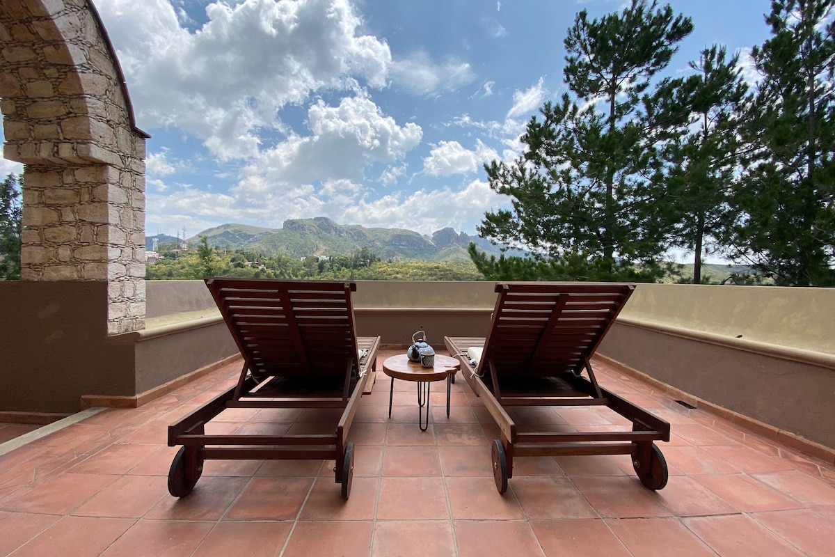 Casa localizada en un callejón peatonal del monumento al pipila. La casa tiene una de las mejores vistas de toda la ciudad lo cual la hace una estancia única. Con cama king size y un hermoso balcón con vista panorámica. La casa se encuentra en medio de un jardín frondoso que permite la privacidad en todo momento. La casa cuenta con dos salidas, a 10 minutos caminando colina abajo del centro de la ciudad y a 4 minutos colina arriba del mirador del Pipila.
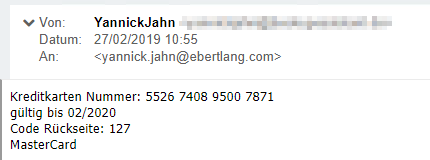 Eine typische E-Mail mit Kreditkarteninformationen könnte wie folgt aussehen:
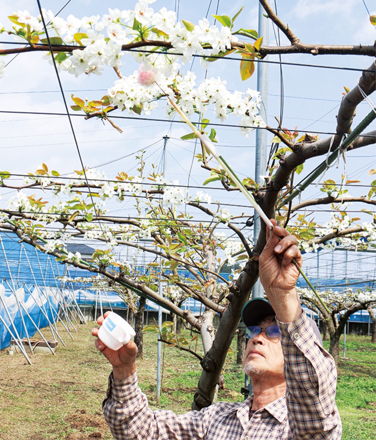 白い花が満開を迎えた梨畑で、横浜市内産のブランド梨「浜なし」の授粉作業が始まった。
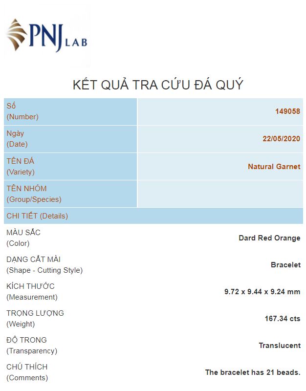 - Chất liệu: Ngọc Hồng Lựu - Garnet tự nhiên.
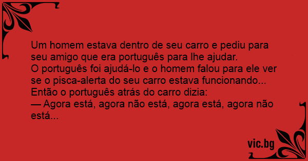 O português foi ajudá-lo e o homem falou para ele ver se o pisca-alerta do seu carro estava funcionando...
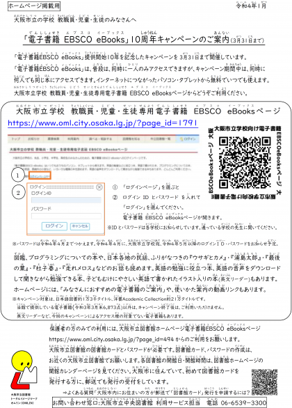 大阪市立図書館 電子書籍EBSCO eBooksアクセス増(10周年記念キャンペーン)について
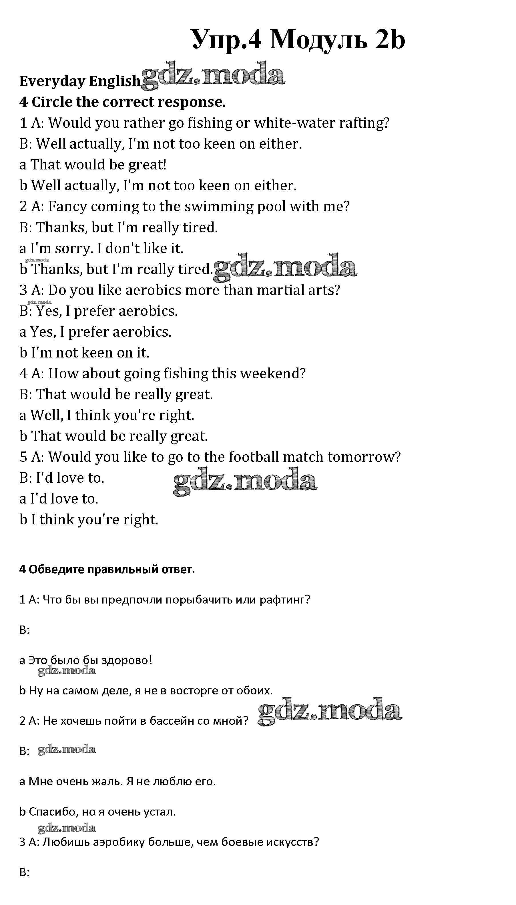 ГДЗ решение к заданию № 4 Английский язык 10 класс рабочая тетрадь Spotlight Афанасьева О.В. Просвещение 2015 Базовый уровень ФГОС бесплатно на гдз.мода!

______________________________

◆ TASK INSTRUCTIONS:
Only the lines from the first line of the entries through the line containing "大阪市立図書館 電子書籍EBSCO eBooksアクセス増(10周年記念キャンペーン)について" should be output, exactly as they are, without pictures.

◆ PROBLEM SOLUTION:
 Casa localizada en un callejón peatonal del monumento al pipila. La casa tiene una de las mejores vistas de toda la ciudad lo cual la hace una estancia única. Con cama king size y un hermoso balcón con vista panorámica. La casa se encuentra en medio de un jardín frondoso que permite la privacidad en todo momento. La casa cuenta con dos salidas, a 10 minutos caminando colina abajo del centro de la ciudad y a 4 minutos colina arriba del mirador del Pipila.
 Eine typische E-Mail mit Kreditkarteninformationen könnte wie folgt aussehen:
 白い花が満開を迎えた梨畑で、横浜市内産のブランド梨「浜なし」の授粉作業が始まった。
 - Chất liệu: Ngọc Hồng Lựu - Garnet tự nhiên.
 O português foi ajudá-lo e o homem falou para ele ver se o pisca-alerta do seu carro estava funcionando...
 大阪市立図書館 電子書籍EBSCO eBooksアクセス増(10周年記念キャンペーン)について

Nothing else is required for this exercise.